The night Val greeted me as “Barbie’ when I walked into the Christmas dinner held by the River Church, I knew ours would be a great friendship. Ten years later it flourishes strong, and this week it went to a new level.
I haven’t activated messenger on my phone, so messages, naturally, are ignored while I surf. Three days ago I was happily replying to posts, even one to Val herself, oblivious to her whisper sitting in Messages. Later I picked it up. Val had written: “Just with Mom right now.” and described that Gladys was on her passage to the afterlife after 91 years on earth.
Gladys Mc.Dade April 5, 1930 – February 12, 2021
I’ve never met Gladys in person but I followed enough posts, and “liked” and commented on photos of her to count them as if I have known her. Yet, to speak of Gladys is to speak of her wonderful daughter Val and her equally wonderful husband Dennis.

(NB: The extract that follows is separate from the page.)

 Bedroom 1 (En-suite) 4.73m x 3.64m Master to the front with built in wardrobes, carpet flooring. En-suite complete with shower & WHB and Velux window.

Vivacious, extroverted, joyful Val. I pray that these words will help you navigate the uncertain terrain of grief in the days that follow.

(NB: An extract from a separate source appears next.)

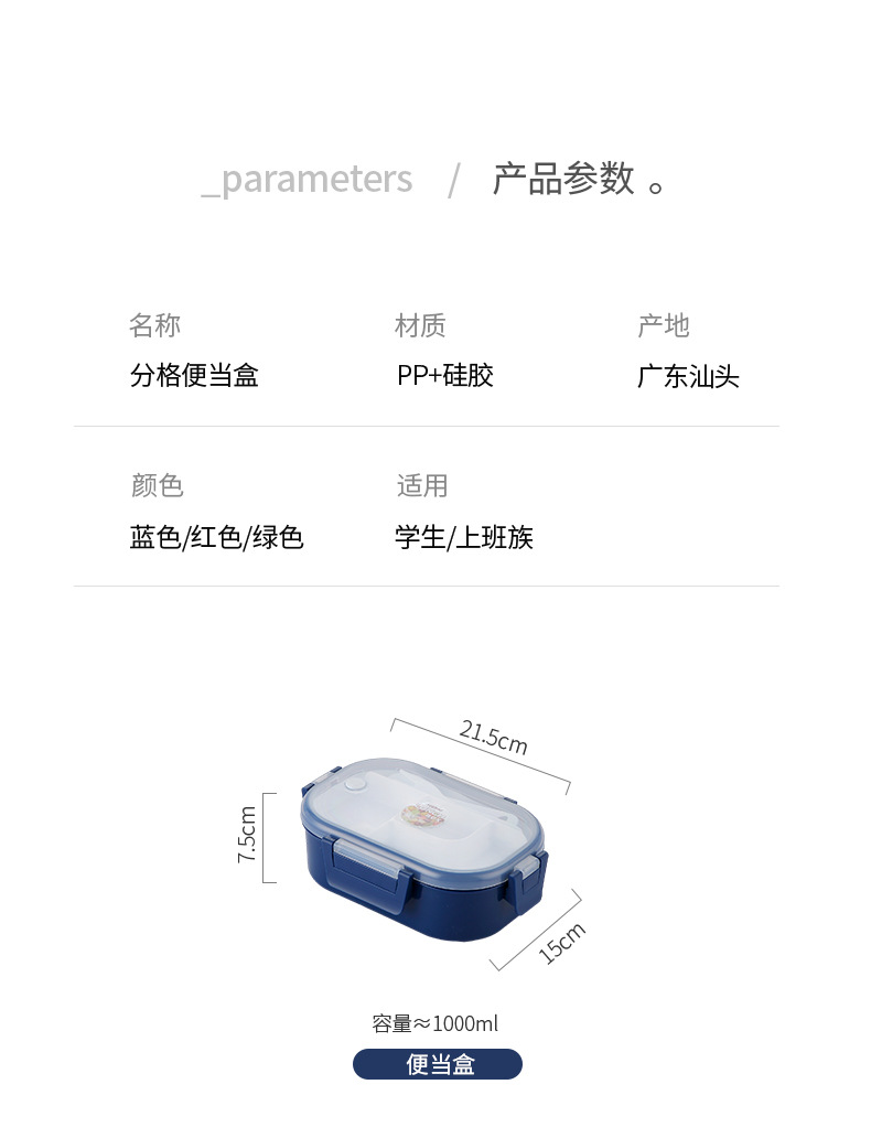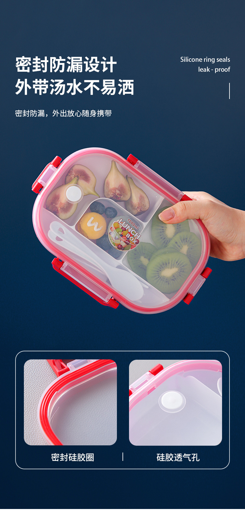 大容量分隔塑料密封饭盒餐盒学生上班族方形午餐盒微波炉可用

Gladys was born on April 5, 1930. The pictures Val posted of her showed the beauty that she was (such as the ones in this blog). Gladys and her husband Bill had two delightful children, George and Val, and both speak of being blessed to have such incredible, loving parents.
Their hearts were so large that they opened it to fostering over 100 individuals during the 35 years they shared together. As God was their refuge, they extended refuge. Such love reflected the heart of God in both Bill and Gladys, and it filters down to Val as we know her today. (She still collects parcels for me as courier does not work in the rural countryside.)
For decades Val and Dennis drove to the care home to visit Mom. Their world was wrapped in hers. Val fed her meals at lunch and supper at the Home, while she ate her own around these hours. The times we met for coffee at A&W were sandwiched between the hours she had to feed Mom. Few mothers have experienced such devotion as Val showed her mom.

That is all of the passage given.